■ EXCERPTED DATA ■
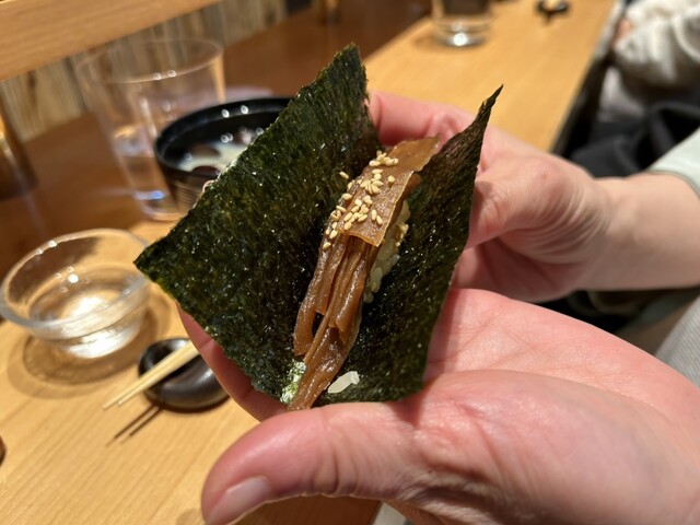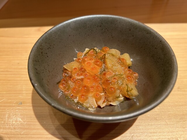 本日ののお食事はしじみの一番出汁から始まり、鰆、めかぶ、鮑の柔らか煮、寿司屋のぶり大根、帆立、湯葉、山牛蒡、白海老のにぎり、ずわい蟹の茶碗蒸し、小肌、馬糞雲丹、松前漬けとイクラの丼、あん肝と奈良漬、べったら漬け、ネギトロ巻き、漬鮪、中トロ、具沢山しじみ汁、穴子、干瓢巻き、卵焼きで上がりです。
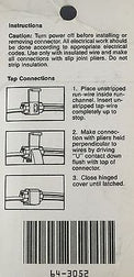 Connecting wires in simple with the tap-in squeeze connectors. It’s easy to use: insert the unstripped wire inside the connector, squeeze the contact down flush with the connector and snap the hinged cover in place.
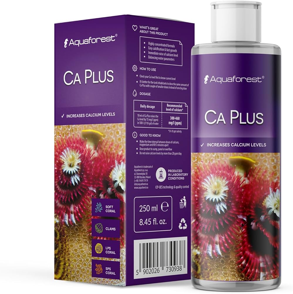 Dosage: 10 ml of Ca Plus raises the calcium level by 15 mg/l (ppm) in 100 l (27 US gal) of water. Maximum daily dose is 20 ml of Ca Plus per 100 l (27 US gal) of water. Recommended calcium level in reef aquarium is 380-460/l (ppm). Please ensure your magnesium level is within the recommended range before attempting to raise or adjust your calcium and alkalinity levels.
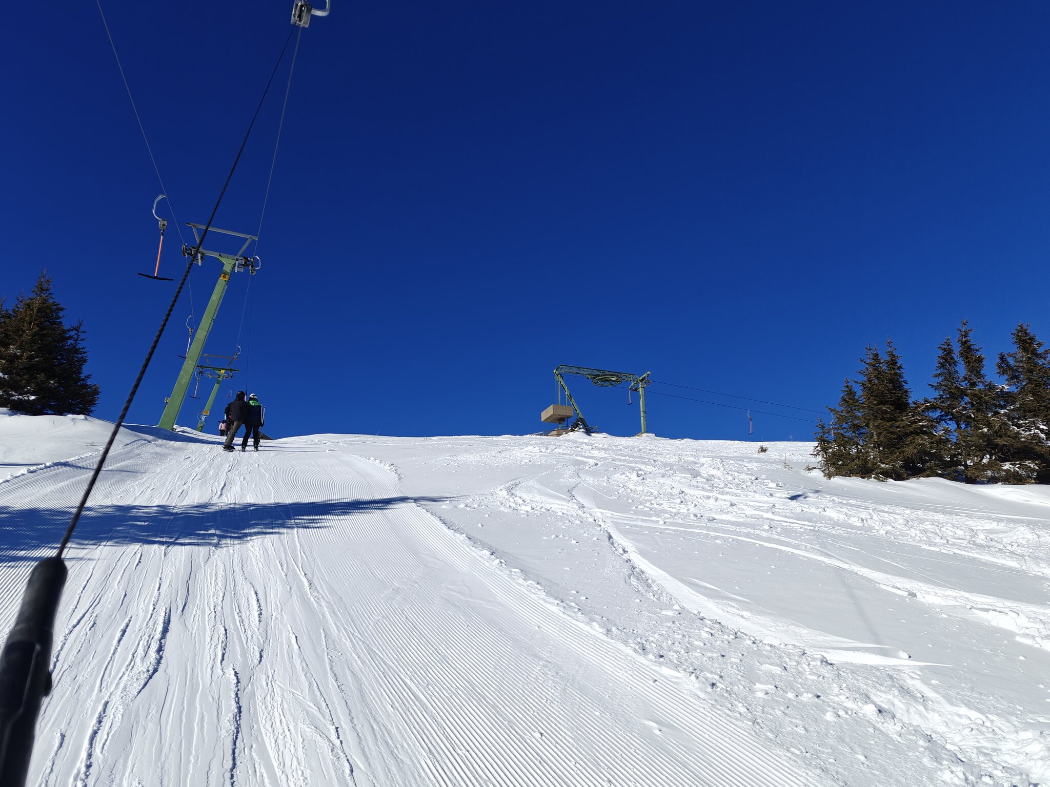 ^ Am Göslerlift liegt wie überall genügend Schnee auf Piste und Lifttrasse. Daneben gibt es nur ein wenig Kosmetik.
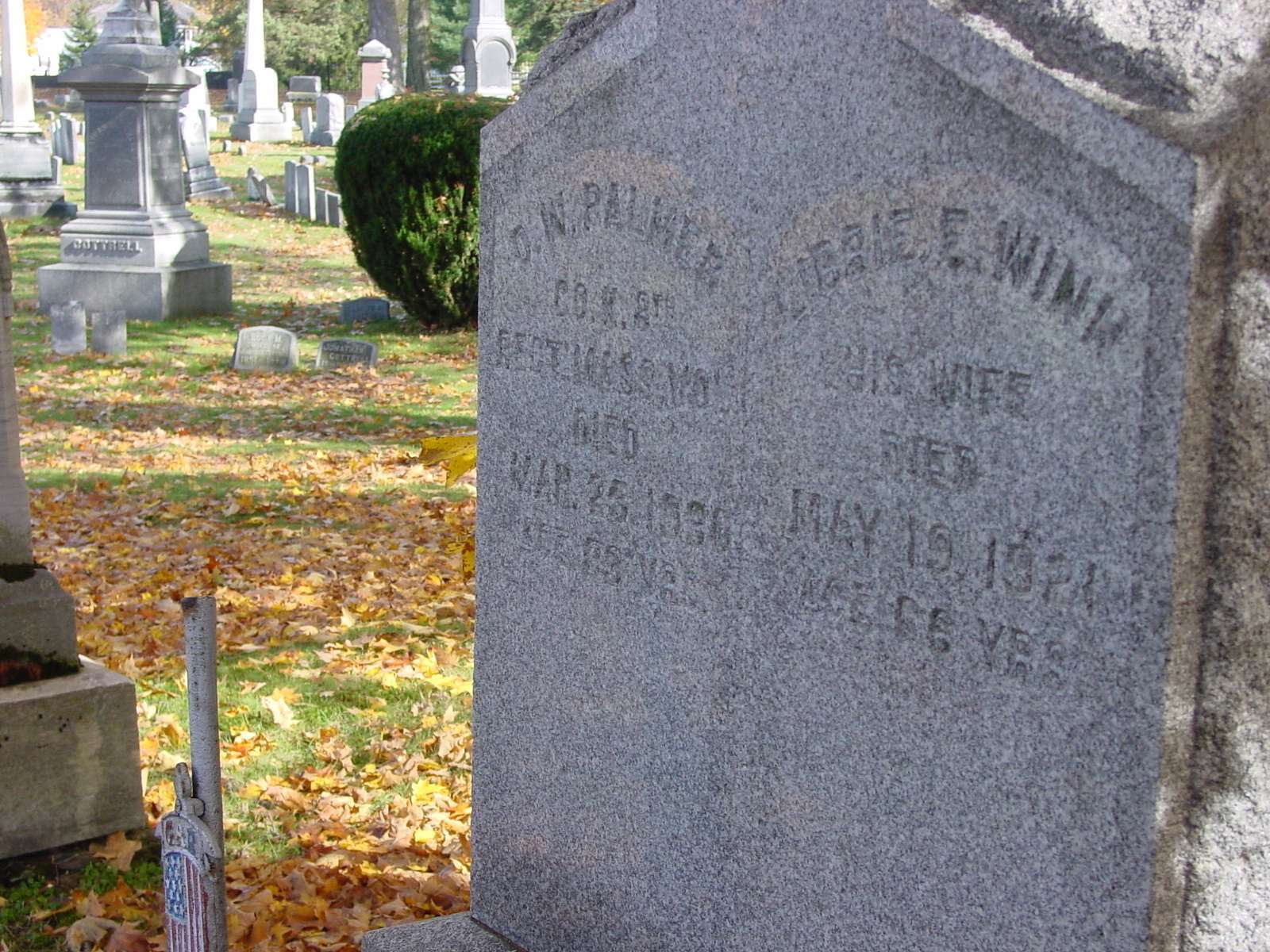 Through the gate, down the hill to the right we found the graves of my great-grandparents and two of their daughters who died young. Orlando William “O.W.” Palmer, 1846-1930, and his wife Libbie E. Winn, 1855-1921 have an impressive old marker on their graves. you can just see the GAR marker that was on the gravesite. My mother’s cousin was instrumental in seeing that the GAR markers were placed on graves of Civil War veterans in the cemetery.
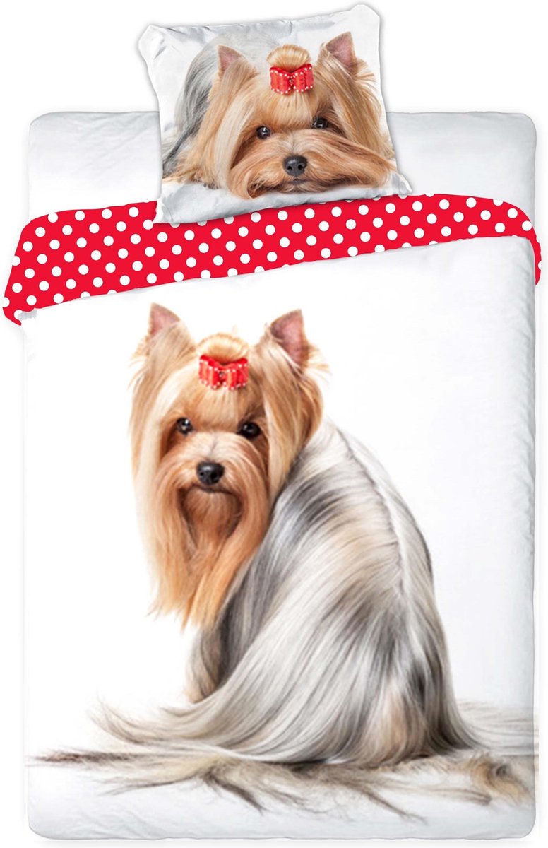Animal Pictures Dekbedovertrek, Yorkshire Terriër. Mooi eenpersoons katoenen dekbedovertrek van ontzettend leuk hondje. De achterkant van het dekbedovertrek is bedrukt met een stippen motief. Leuk voor elke liefhebber van deze mooie dieren.

■ EXERCISE INSTRUCTIONS ■
Look above for the line containing "ein wenig Kosmetik.", then copy exactly from it through the line containing "Through the gate, down", keeping both and leaving out pictures. Add nothing else.

■ RESPONSE FOR THIS EXERCISE ■
 ^ Am Göslerlift liegt wie überall genügend Schnee auf Piste und Lifttrasse. Daneben gibt es nur ein wenig Kosmetik.
 Through the gate, down the hill to the right we found the graves of my great-grandparents and two of their daughters who died young. Orlando William “O.W.” Palmer, 1846-1930, and his wife Libbie E. Winn, 1855-1921 have an impressive old marker on their graves. you can just see the GAR marker that was on the gravesite. My mother’s cousin was instrumental in seeing that the GAR markers were placed on graves of Civil War veterans in the cemetery.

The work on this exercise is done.